• **Problem to work on**: Only the lines from the top of the listing below to the line that has "8. Assemble the" should be echoed, with both ends kept and pictures left out.

• **Records to use**:
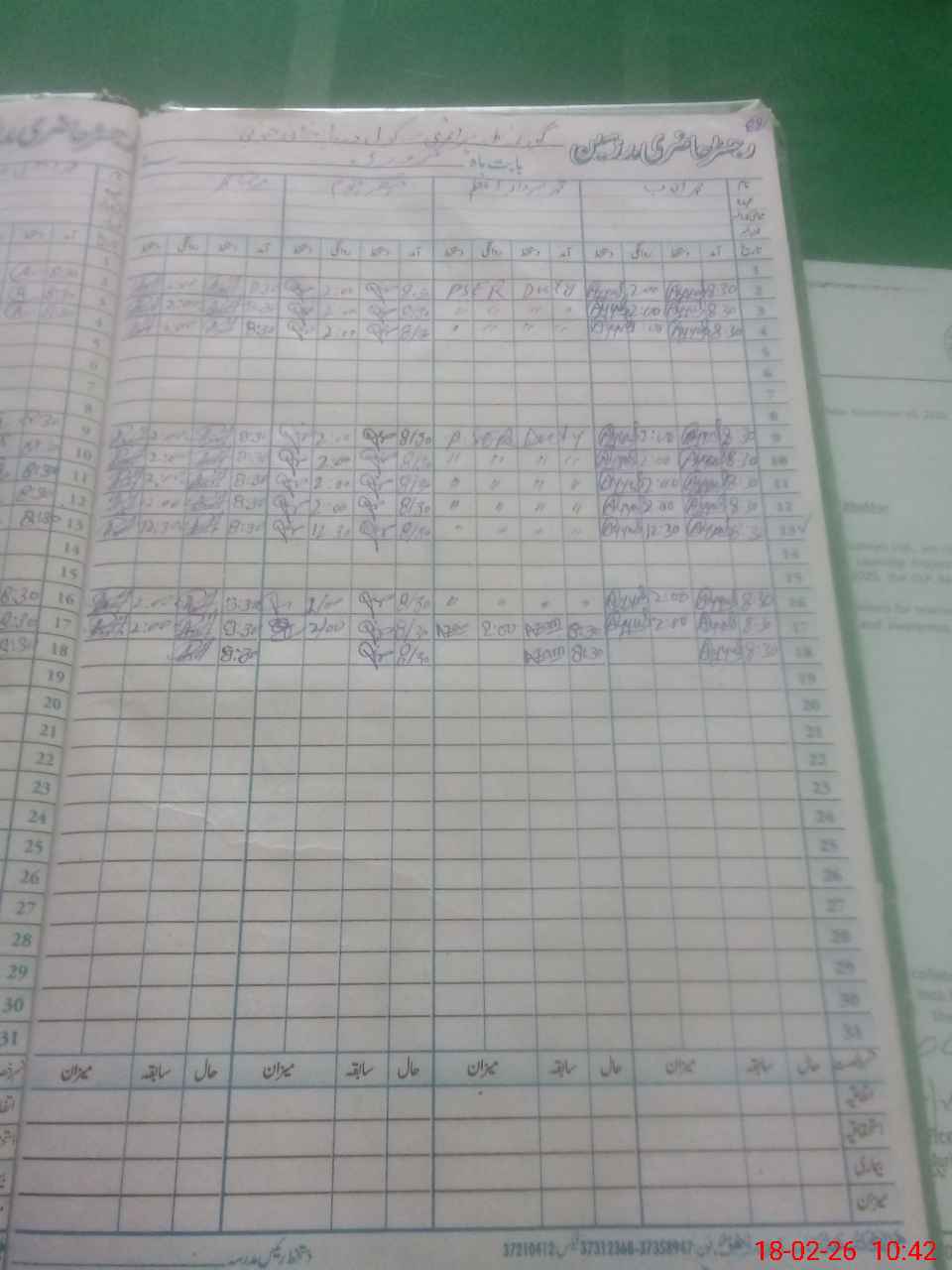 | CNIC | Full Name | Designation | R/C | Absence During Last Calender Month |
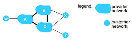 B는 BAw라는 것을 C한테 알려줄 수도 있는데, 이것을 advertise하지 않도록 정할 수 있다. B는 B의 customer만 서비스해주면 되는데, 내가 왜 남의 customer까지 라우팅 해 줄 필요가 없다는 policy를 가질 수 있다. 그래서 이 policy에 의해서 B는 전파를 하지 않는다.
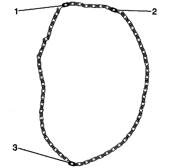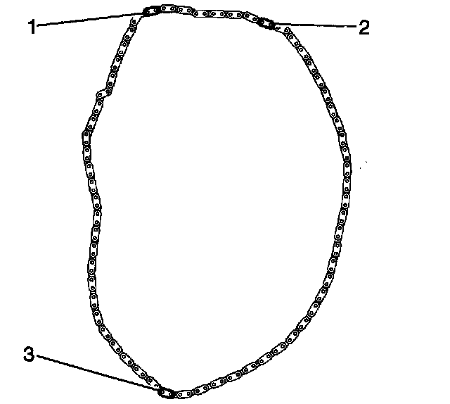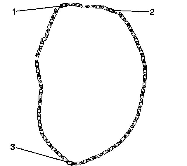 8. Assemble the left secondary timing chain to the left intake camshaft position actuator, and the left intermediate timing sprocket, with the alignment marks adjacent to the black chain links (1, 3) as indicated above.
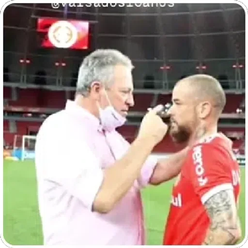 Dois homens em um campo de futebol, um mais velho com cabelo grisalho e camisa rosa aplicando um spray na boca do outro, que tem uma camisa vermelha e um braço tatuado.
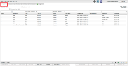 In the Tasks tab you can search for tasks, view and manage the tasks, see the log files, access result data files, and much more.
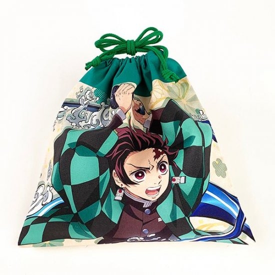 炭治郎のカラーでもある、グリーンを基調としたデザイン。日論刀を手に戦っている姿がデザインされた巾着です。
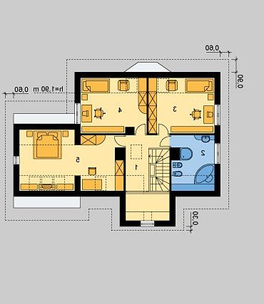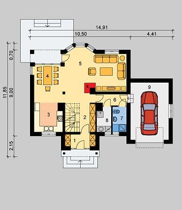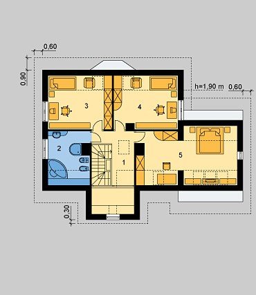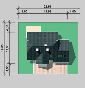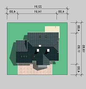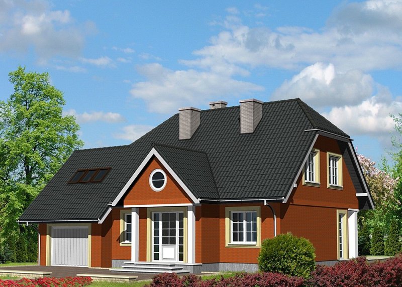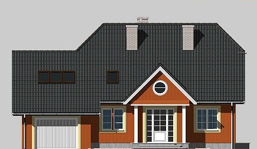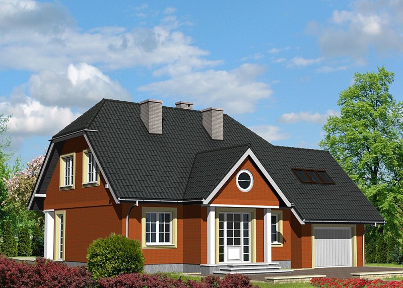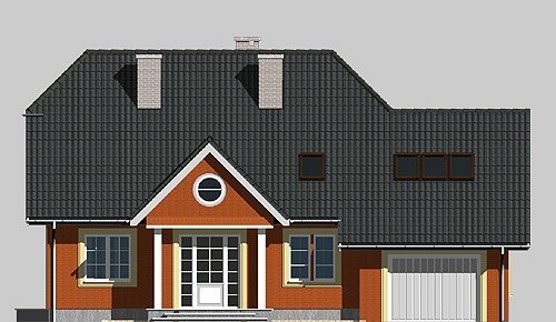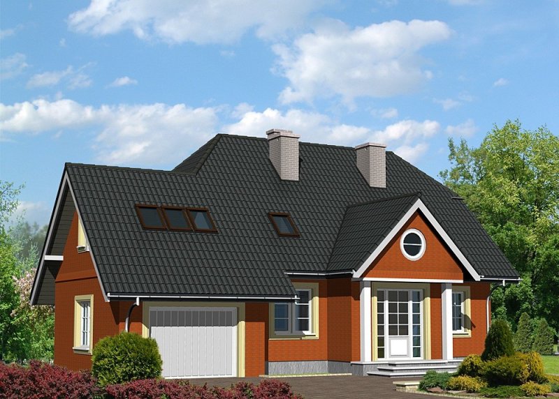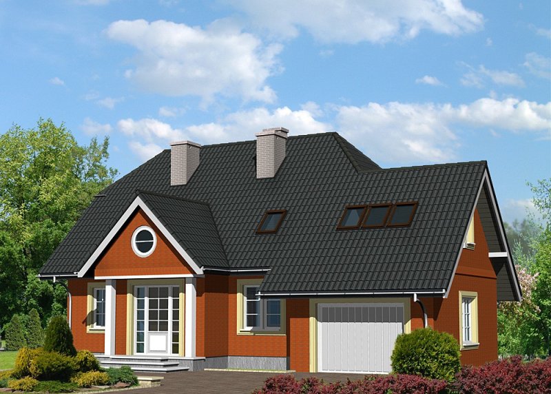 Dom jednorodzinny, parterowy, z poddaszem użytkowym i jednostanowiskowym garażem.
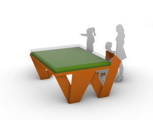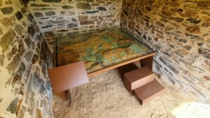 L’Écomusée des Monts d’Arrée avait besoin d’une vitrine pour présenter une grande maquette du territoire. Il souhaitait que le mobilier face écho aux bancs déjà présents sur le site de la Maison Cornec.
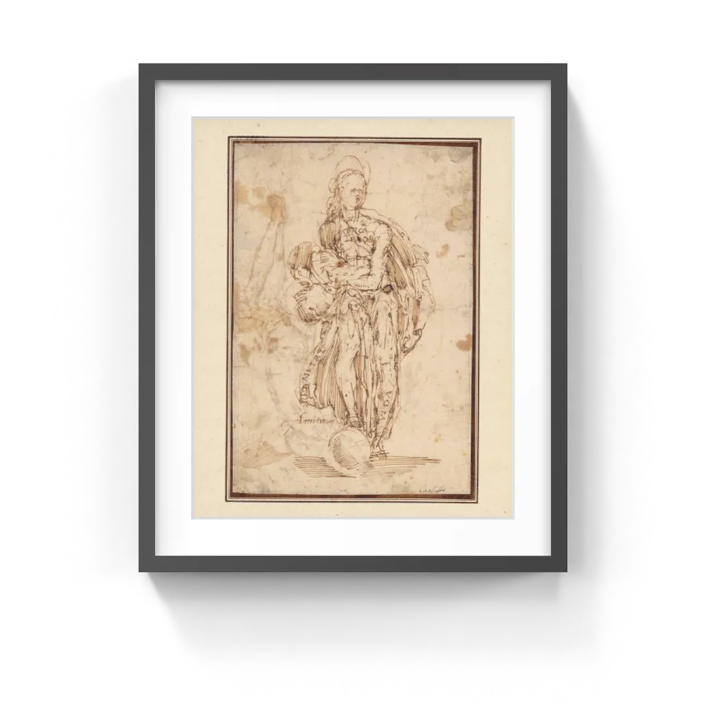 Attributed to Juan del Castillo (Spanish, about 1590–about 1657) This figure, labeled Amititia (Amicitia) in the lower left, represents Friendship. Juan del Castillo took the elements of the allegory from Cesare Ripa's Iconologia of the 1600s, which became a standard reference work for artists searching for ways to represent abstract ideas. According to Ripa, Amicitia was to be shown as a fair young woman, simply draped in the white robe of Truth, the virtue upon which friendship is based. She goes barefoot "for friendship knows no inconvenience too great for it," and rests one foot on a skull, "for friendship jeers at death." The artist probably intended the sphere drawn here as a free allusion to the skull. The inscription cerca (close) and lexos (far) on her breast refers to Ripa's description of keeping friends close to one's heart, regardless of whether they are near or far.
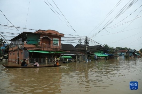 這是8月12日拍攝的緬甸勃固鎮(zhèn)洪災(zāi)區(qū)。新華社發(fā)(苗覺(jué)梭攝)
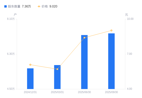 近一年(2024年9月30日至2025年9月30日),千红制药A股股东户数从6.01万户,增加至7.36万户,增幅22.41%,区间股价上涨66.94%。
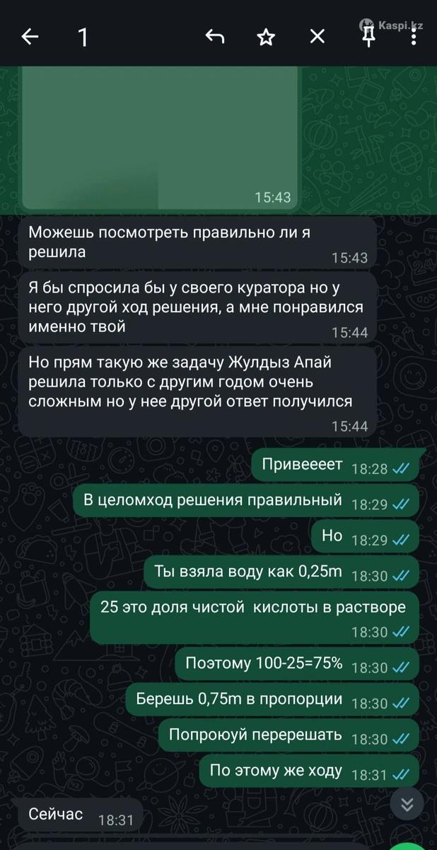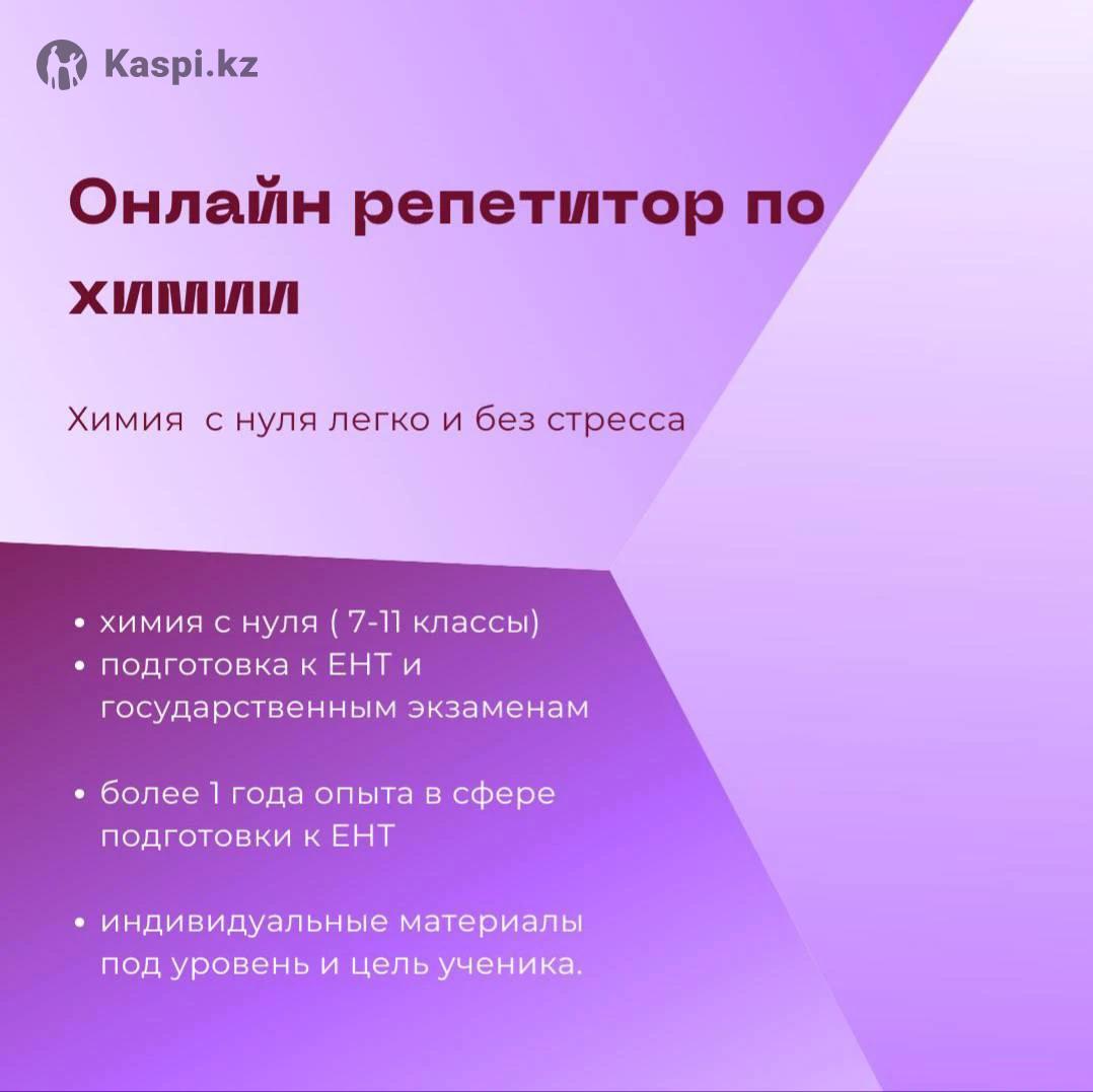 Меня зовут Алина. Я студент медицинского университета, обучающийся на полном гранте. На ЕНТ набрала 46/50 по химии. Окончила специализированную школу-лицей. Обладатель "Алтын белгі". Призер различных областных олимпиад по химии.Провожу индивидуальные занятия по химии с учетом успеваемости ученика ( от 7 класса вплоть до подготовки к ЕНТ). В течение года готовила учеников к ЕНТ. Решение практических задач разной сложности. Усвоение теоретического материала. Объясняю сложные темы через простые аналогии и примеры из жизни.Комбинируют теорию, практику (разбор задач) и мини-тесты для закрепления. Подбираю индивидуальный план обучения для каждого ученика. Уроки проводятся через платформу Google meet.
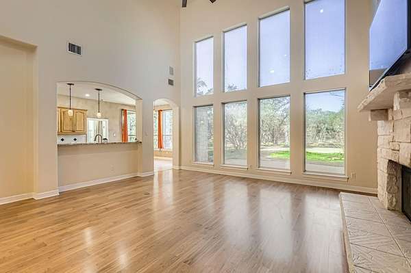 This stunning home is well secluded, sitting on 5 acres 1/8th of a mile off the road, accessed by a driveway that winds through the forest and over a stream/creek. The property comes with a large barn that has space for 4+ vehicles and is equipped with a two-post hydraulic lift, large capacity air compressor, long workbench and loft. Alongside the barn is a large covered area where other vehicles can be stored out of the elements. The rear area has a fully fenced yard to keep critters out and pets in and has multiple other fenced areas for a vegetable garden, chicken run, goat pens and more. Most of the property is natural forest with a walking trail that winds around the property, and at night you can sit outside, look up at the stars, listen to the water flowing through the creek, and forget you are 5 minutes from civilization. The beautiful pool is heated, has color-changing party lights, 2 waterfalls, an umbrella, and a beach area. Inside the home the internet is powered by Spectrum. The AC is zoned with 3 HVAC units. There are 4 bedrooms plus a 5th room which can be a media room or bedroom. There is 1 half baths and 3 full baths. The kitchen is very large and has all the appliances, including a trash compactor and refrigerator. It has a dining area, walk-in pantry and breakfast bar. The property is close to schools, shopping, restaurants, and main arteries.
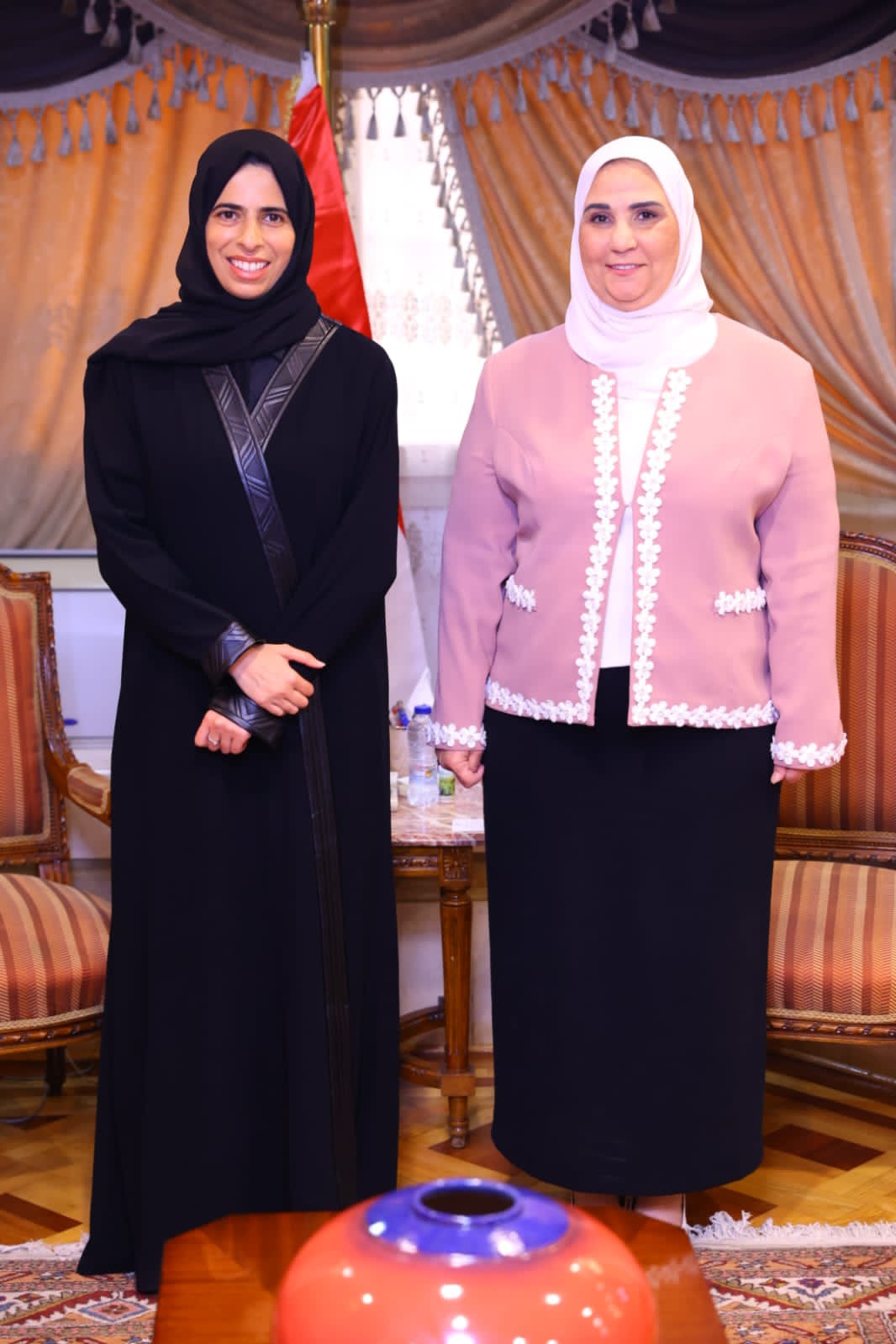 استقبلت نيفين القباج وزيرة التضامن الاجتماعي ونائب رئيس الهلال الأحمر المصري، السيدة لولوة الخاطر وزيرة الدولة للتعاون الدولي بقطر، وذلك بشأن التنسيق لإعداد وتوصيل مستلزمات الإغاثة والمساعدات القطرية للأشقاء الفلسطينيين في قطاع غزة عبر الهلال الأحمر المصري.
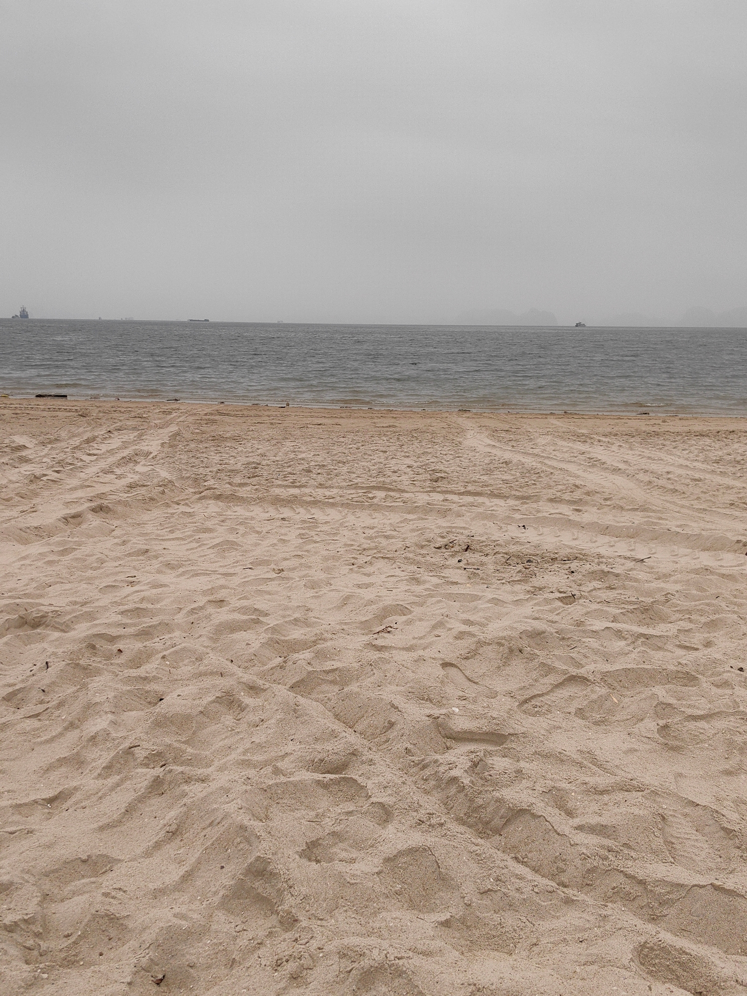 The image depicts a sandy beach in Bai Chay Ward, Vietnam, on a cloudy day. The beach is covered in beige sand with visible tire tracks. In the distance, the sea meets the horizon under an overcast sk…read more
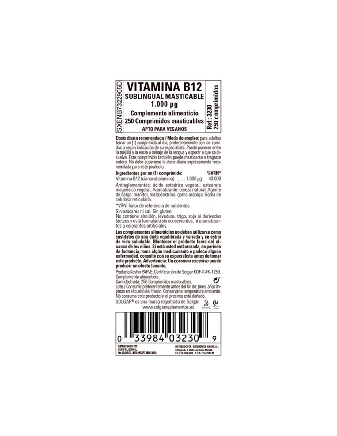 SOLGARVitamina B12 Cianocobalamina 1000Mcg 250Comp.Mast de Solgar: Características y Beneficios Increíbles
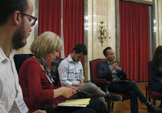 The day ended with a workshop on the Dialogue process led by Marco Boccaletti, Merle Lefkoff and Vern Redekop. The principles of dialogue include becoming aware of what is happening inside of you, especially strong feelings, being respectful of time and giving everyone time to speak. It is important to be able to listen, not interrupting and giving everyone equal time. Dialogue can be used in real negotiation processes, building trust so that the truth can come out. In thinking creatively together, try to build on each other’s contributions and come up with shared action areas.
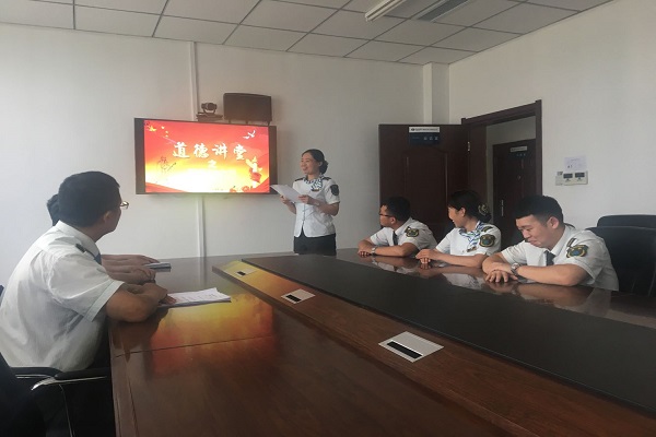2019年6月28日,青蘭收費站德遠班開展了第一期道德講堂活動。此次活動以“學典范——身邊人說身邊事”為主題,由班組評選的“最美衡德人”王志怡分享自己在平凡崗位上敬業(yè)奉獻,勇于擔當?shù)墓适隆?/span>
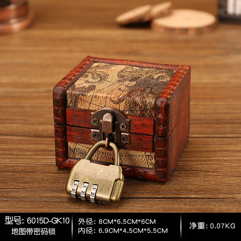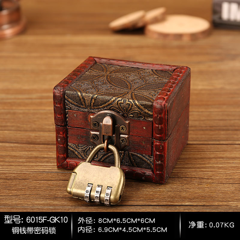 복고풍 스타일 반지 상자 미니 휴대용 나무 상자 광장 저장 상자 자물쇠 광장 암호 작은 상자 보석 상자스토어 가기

• **Answer**:
 | CNIC | Full Name | Designation | R/C | Absence During Last Calender Month |
 B는 BAw라는 것을 C한테 알려줄 수도 있는데, 이것을 advertise하지 않도록 정할 수 있다. B는 B의 customer만 서비스해주면 되는데, 내가 왜 남의 customer까지 라우팅 해 줄 필요가 없다는 policy를 가질 수 있다. 그래서 이 policy에 의해서 B는 전파를 하지 않는다.
 8. Assemble the left secondary timing chain to the left intake camshaft position actuator, and the left intermediate timing sprocket, with the alignment marks adjacent to the black chain links (1, 3) as indicated above.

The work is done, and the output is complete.